The Chai glass: in a Street in Udaipur
The tea or “chai” has a special place in the homes of North Indians with its range of flavours to choose from. There is the Adrak-ki-chai (ginger tea), the Elaichi-chai (cardamom tea), the Dalchini-chai (cinnamon tea) or the Pudina-chai (mint tea) and with every cup, you add to your memories of a morning of reflection, an afternoon of family decisions or an evening of sharing with a friend. As I look closely at tea stalls in the streets and bazaars of Ahmedabad, Udaipur or Delhi, I realise that there are so many different ways in which people gather in public spaces "for a cup of chai".

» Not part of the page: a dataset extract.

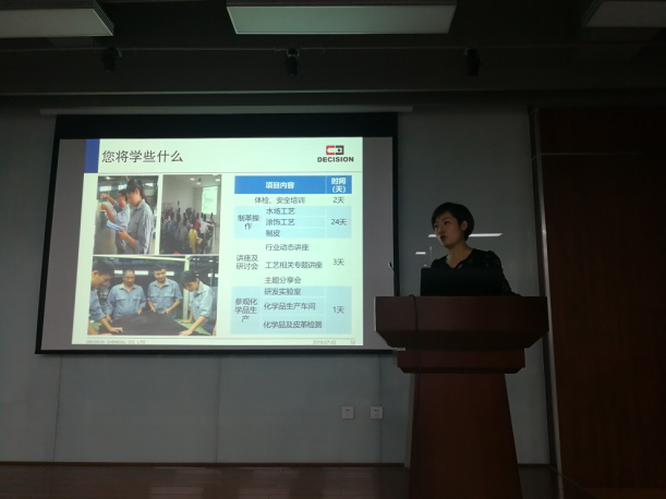 皮革工程系轻化工程专业卓工班大三学生在德赛尔公司实习的情况,同时鼓励学生积极参加实习实践,全面提高自身综合能力。卢代虹助理经理介绍了公司的基本情况,龙进经理详细讲解了实习的主要内容和安排。据悉,本次德赛尔公司的暑期实习将吸纳奈菲影视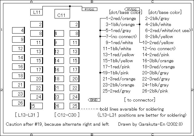 Other (signal and control) wires should not cut a little, because enough length are required for the soldering operation. The above right figure shows the soldering positions. The bold line sides of L13-L31 (in the figure) are suitable for soldering.

As people participate in the buying and selling of goods in the Bazaar or Marketplace, they exercise control over the space in which they are situated and which surrounds them. For vendors, this control is the ability to transform some part of the bazaar environment to support their economic activity and sometimes their social needs as well. It is this transformation process that the chai stall seems to symbolise as it becomes the point of departure for economic and social exchanges in the marketplace.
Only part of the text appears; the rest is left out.